The scatter plot depicts the relationship between age and maximum heart rate. The color differentiation based on heart attack outcomes provides insights into risk factors.

### Plot 4. Box Plot - Cholesterol Levels by Gender 

In [26]:
fig4 = px.box(df, x="sex", y="chol", title="Cholesterol Levels by Gender", labels={"sex": "Gender", "chol": "Cholesterol Level"})
fig4.show()

**Interpretation:** 

This box plot showcases the spread and central tendency of cholesterol levels across genders, helping identify any significant differences.

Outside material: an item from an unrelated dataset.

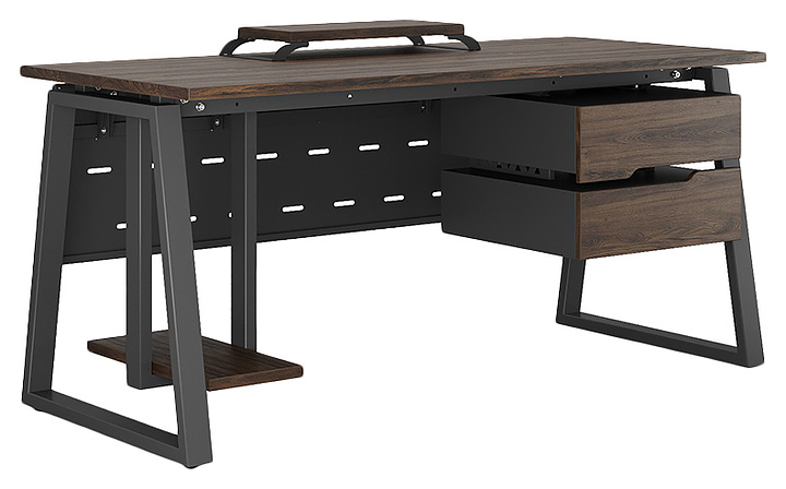 Компьютерный стол Кобор KTR-120/80 black/charlston используется в офисных помещениях и кабинетах руководителей. Модель оснащена опорами в форме трапеции. Каркас выполнен из металла, выкрашенного в цвет черный муар (RAL9005), столешница – из ламинированной древесно-стружечной плиты (ЛДСП) цвета дуб чарльстон (H3154 ST36). Опции (заказываются отдельно):

### Plot5. Violin Plot - Resting Blood Pressure 

In [27]:
fig5 = px.violin(df, y="trtbps", title="Distribution of Resting Blood Pressure", box=True)
fig5.show()

**Interpretation:** 

A violin plot gives a deeper understanding of the distribution of resting blood pressure, combining aspects of box plots and density plots.

### Plot6. Bar Plot - Heart Attack Outcome by Age 

In [28]:
fig6 = px.histogram(df, x="age", color="output", title="Heart Attack Outcome by Age", barmode="group", labels={"output": "Heart Attack"})
fig6.show()

**Interpretation:** 

This grouped bar plot provides a clear view of heart attack outcomes across different age groups, highlighting potential high-risk age groups.

### Plot7. Bar Plot -  Heart Attack Outcome by Chest Pain Type 

In [29]:
fig7 = px.bar(df, x="cp", color="output", title="Heart Attack Outcome by Chest Pain Type", labels={"output": "Heart Attack"})
fig7.show()

**Interpretation:**

The bar chart illustrates how varying chest pain types relate to heart attack outcomes, potentially indicating which pain types are more concerning

### Plot8. Scattter Plot -  Number of Major Vessels vs. Age with Heart Attack Outcome

In [30]:
fig8 = px.scatter(df, x="age", y="caa", color="output", title="Number of Major Vessels vs. Age", labels={"output": "Heart Attack"})
fig8.show()

 **Interpretation:**
 
 This scatter plot elucidates the relationship between age and the number of major vessels, with the color differentiation helping identify potential risk factors.

### Plot9. Sunburst Plot - Plot Thalassemia Distribution 

In [31]:
fig9 = px.sunburst(df, path=['thall', 'output'], title="Thalassemia Distribution with Heart Attack Outcome")
fig9.show()

**Interpretation:**

The sunburst chart offers a hierarchical view of thalassemia types and their associated heart attack outcomes

### Plot10. Scatter Plot. ST Depression Induced by Exercise vs. Age

In [33]:
fig10 = px.scatter(df, x="age", y="oldpeak", title="ST Depression Induced by Exercise vs. Age", color="output", labels={"output": "Heart Attack"})
fig10.show()


**Interpretation:**

This scatter plot illustrates the relationship between age and ST depression induced by exercise. The color-coded outcomes help to discern age groups at higher risk based on this parameter.